2. Determination process according to claim 1, step a. for dissociation comprises at least mechanical dissociation and enzymatic dissociation.

3. Determination process according to claim 2, wherein mechanical dissociation consists in producing tissue fragments of a size less than 2 mm³.

4. Determination process according to claim 2, wherein enzymatic dissociation is carried out with at least two enzymes.

5. Determination process according to claim 1, wherein enzymatic dissociation is carried out with collagenase and/or trypsin.

6. Determination process according to claim 1, wherein the macroscopic sorting of step b. is carried out by coupling by Sedimentation Field-Flow Fractionation.
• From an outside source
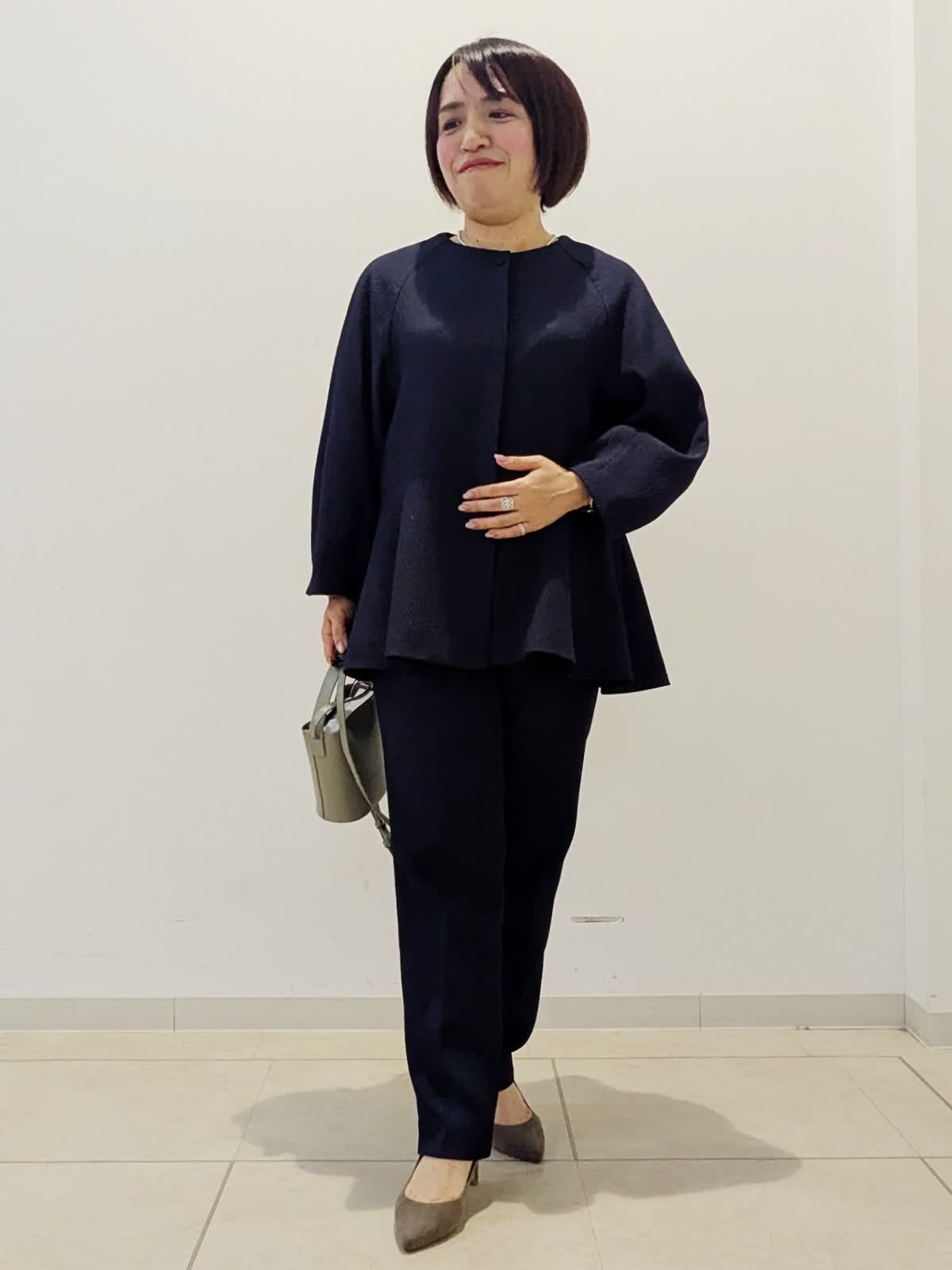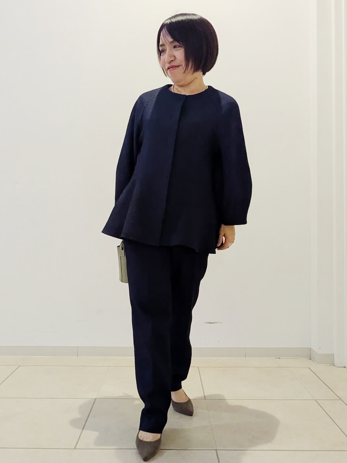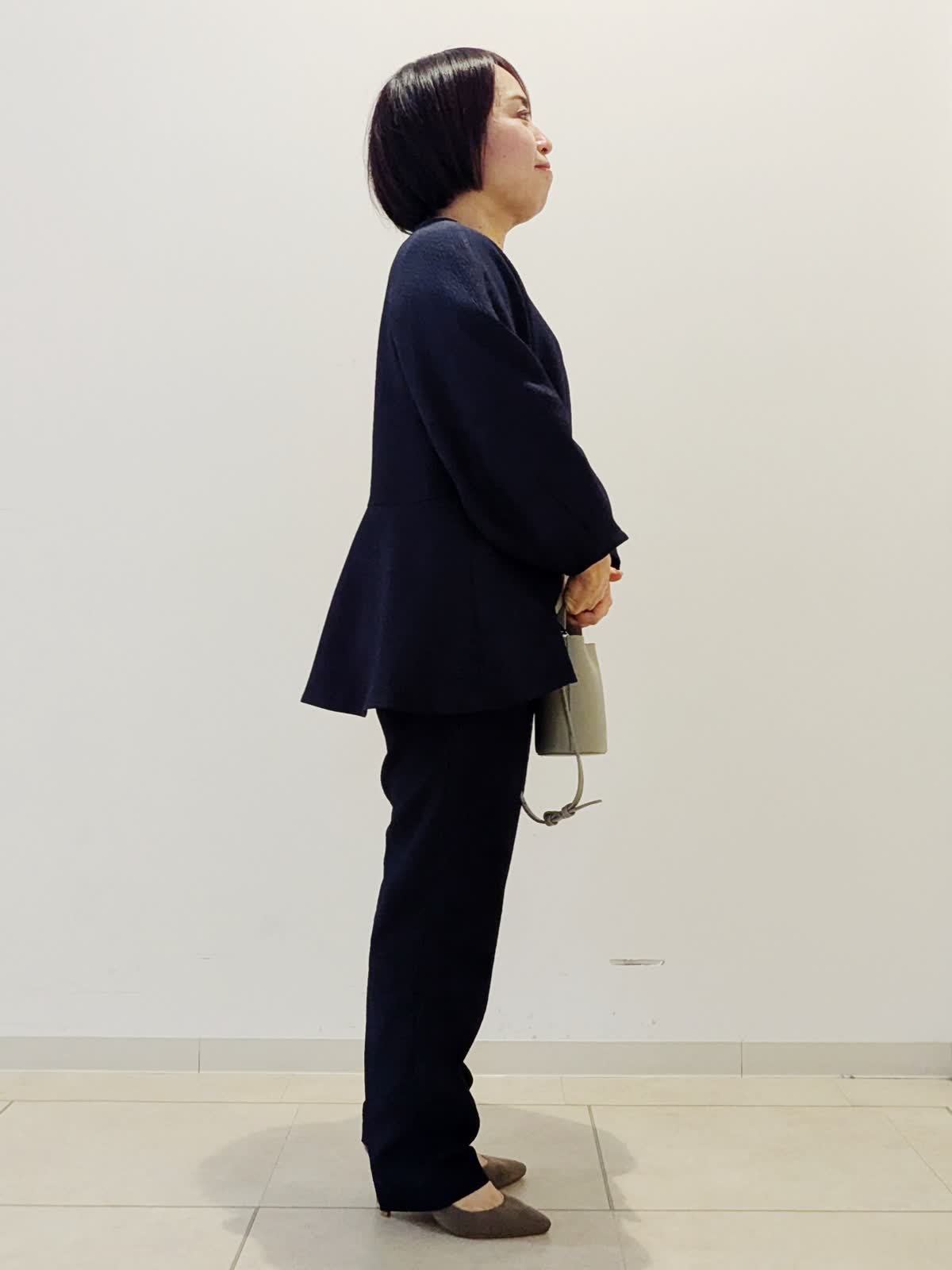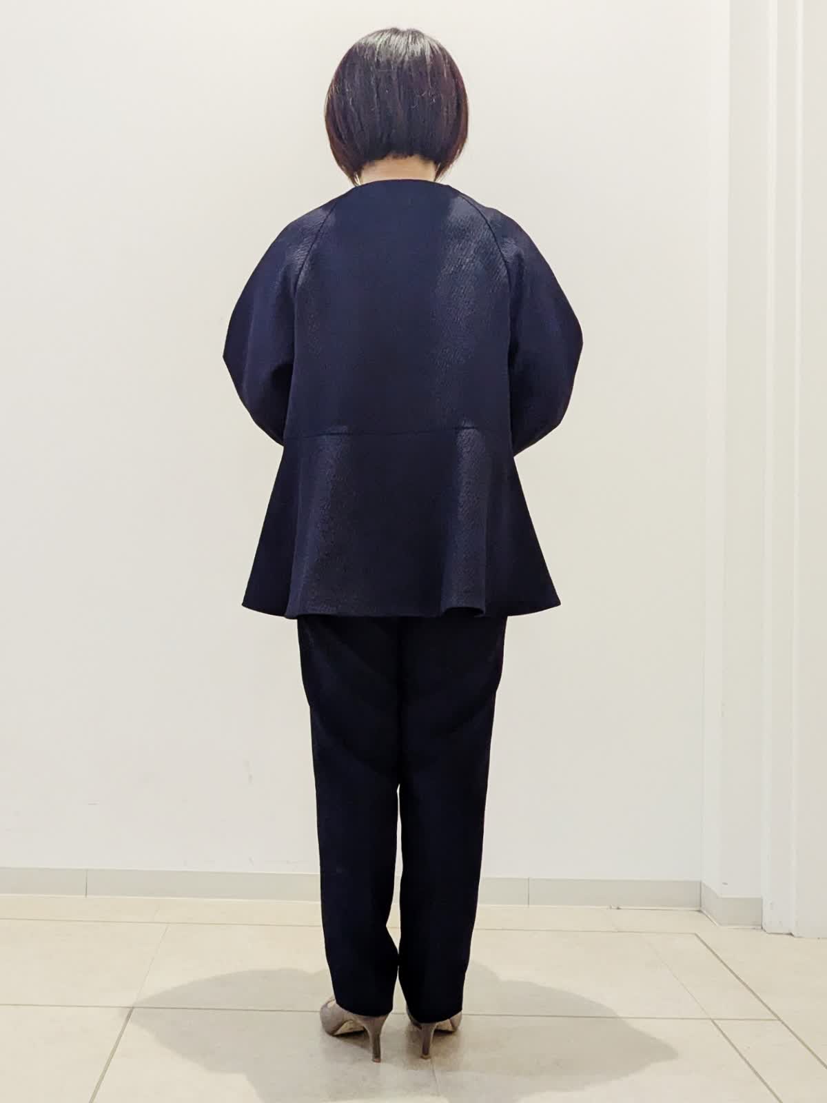 【着用サイズ】ブラウス:9号 パンツ:9号【着用カラー】ブラウス:ネイビー パンツ:ネイビー 着回し度抜群!ハレの日コーデです。優しい風合いのポコポコとした表面感がかわいいジャガード素材のセットアップ。ほんのり裾に向かって広がるシルエットが上品です。ハレの日?お仕事まで幅広くお使いいただけます。

7. Determination process according to claim 1, wherein multiple sensors working at different frequencies are used.

8. Determination process according to claim 1, wherein sensors with adjustable resonance frequency are used in such a way as to limit the number of sensors to be used.

9. Determination process according to claim 1, wherein operations are carried out at a frequency bandwidth of between 1 and 40 GHz.

10. Determination process according to claim 9, wherein operations are carried out in a frequency spectrum of between 5 and 14 GHz.

11. Determination process according to claim 1, wherein the dielectric permittivity of the cells is determined from the following parameters: number of cells analyzed, volume of cells and frequency offset between the inherent resonance frequency and the resonance frequency measured in step e.

12. Determination process according to claim 11, wherein the permittivity of a type of cell is obtained by the following formula:

ε_cell =C ₀ ·W _IDC ²(f ₀ −f ₁)(f ₀ +f ₁)/(f ₁ ²·ε₀ ·V _cell ·N _cell)

with

: f_{0} = \frac{1}{2 π \sqrt {LC}_{0}}

: f_{1} = \frac{1}{2 π \sqrt {LC}_{1}}

: C_{1} = C_{0} + \sum C_{cell}

: \sum C_{cell} = N_{cell} \cdot C_{cell} = C_{0} (f_{0} - f_{1}) (f_{0} + f_{1}) / f_{1}^{2}

:N_cellrepresents the number of cells on the biosensor

:C₀and C₁represent capacitances of a sensor without and with at least one cell

: .ε₀represents the permittivity of the vacuum.

13. Kit for determining in vitro the cell aggressiveness grade of cancer cells or for detecting cancer stem cells in a cell sample originating from solid tissue suspected of being cancerous, comprising at least:

Solutions for preserving and transporting the biological sample after sampling constituted of in particular organic and inorganic nutrients in the form of salts, amino acids, fatty acids, peptides, proteins and lipoproteins, carbohydrates of buffer systems for maintaining the pH and metallic trace elements

Compositions of the medium for enzymatic dissociation of the biological sample constituted of in particular organic and inorganic nutrients in the form of salts, amino acids, fatty acids, peptides, proteins and lipoproteins, buffer system carbohydrates for maintaining the pH and metallic trace elements and enzymes

Consumables for the macroscopic cell sorting of the biological sample by coupling by Sedimentation Field-Flow Fractionation, SdFFF,

At least one biosensor

Composition for receiving cells and presenting them to at least one biosensor.

14. Determination process according to claim 3, wherein enzymatic dissociation is carried out with at least two enzymes.

15. Determination process according to claim 2, wherein enzymatic dissociation is carried out with collagenase and/or trypsin.

16. Determination process according to claim 3, wherein enzymatic dissociation is carried out with collagenase and/or trypsin.

17. Determination process according to claim 4, wherein enzymatic dissociation is carried out with collagenase and/or trypsin.